• WHAT IS BEING ASKED
Omit all images, then repeat exactly the lines below from the one containing "Оригинальный кухонный уголок" through the one containing "建黨90周年郵票:中國郵政于", both ends included.

• EXTRACTED MATERIAL
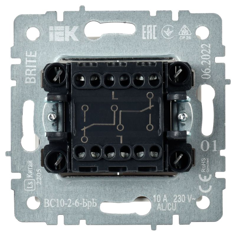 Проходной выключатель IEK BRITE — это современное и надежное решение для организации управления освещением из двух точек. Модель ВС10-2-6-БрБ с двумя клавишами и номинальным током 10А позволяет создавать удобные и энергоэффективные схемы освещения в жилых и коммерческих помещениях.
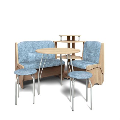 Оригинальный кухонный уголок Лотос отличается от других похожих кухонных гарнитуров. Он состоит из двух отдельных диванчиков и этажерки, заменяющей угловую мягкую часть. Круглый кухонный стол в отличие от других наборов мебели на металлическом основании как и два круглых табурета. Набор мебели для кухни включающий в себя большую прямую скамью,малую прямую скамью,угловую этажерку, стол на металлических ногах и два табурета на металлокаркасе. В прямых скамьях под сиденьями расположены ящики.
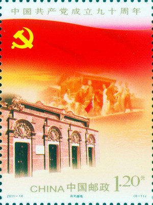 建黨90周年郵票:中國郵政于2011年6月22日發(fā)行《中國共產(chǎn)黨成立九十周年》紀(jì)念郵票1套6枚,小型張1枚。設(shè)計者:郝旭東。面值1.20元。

---

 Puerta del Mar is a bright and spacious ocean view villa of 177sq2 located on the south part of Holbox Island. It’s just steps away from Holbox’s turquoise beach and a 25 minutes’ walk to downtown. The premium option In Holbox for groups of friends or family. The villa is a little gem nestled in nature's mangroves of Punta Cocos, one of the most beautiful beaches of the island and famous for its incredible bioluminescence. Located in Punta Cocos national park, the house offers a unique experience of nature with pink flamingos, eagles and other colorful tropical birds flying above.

• TASK RESPONSE
 Оригинальный кухонный уголок Лотос отличается от других похожих кухонных гарнитуров. Он состоит из двух отдельных диванчиков и этажерки, заменяющей угловую мягкую часть. Круглый кухонный стол в отличие от других наборов мебели на металлическом основании как и два круглых табурета. Набор мебели для кухни включающий в себя большую прямую скамью,малую прямую скамью,угловую этажерку, стол на металлических ногах и два табурета на металлокаркасе. В прямых скамьях под сиденьями расположены ящики.
 建黨90周年郵票:中國郵政于2011年6月22日發(fā)行《中國共產(chǎn)黨成立九十周年》紀(jì)念郵票1套6枚,小型張1枚。設(shè)計者:郝旭東。面值1.20元。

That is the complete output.